# headset



## shotojs78 (May 20, 2008)

Hi, what kind of headset I need for a caad 10 2012.. I think is not the same than caad 9 , its not 1'' 1/8??

thanks


----------



## zsir (Nov 14, 2008)

sorry to jack your thread but here I go anyway 

do I have to buy a whole headset to go from this 


IMAG0853 by sdsdcv, 

to a zero stack headset cap? this...


IMAG0852 by sdsdcv,


----------



## shotojs78 (May 20, 2008)

you have same thing than me.. but the FSA headset is not zero mm but about 10mm I think


----------



## zsir (Nov 14, 2008)

shotojs78 said:


> you have same thing than me.. but the FSA headset is not zero mm but about 10mm I think



yeah  I don't know what they are called ... short stack , zero stack something like that .... I had to change the top bearing when I put that on too... a friend gave them to me and I can't trade between the caad10 and caad9 because the steerer has been cut


----------



## hmai18 (Aug 12, 2005)

You don't need a whole headset, just the top cover. Ask your shop, they'll probably have a couple floating around in a spare parts bin from other people who swapped.

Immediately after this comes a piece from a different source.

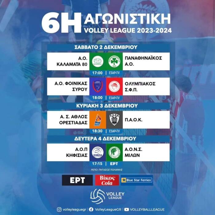Το πρόγραμμα και οι μεταδόσεις της 6ης αγωνιστικής στο πρωτάθλημα Volley League 2023-24: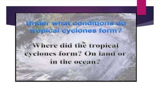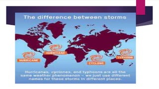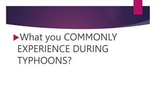 According to the document, typhoons are tropical cyclones that occur in the northwest Pacific Ocean. They form over warm tropical waters and have winds that spiral inward toward a central area. Typhoons are classified based on their maximum wind speeds, from tropical depression up to super typhoon. While typhoons, hurricanes, and cyclones refer to the same weather phenomenon, they are regionally named - typhoons occur in the northwest Pacific, cyclones in the Indian Ocean and South Pacific, and hurricanes in the northeast Pacific and Atlantic. Typhoons develop along the Intertropical Convergence Zone near the equator and over warm ocean waters above 26.5 degrees Celsius within the Philippine Area of Responsibility.

The CAAD10 has a headset with a 1-1/8" and 1-1/4" lower, whereas the CAAD8/9 had a plain 1-1/8." Top covers between the two should be compatible because I swapped the 8.5mm FSA cover from my CAAD8 to my CAAD10 and have been running it without problems.


----------



## shotojs78 (May 20, 2008)

someone has a link where we can buy an headset for that?? my lbs is too far.... better online.. suggestions??

thanks


----------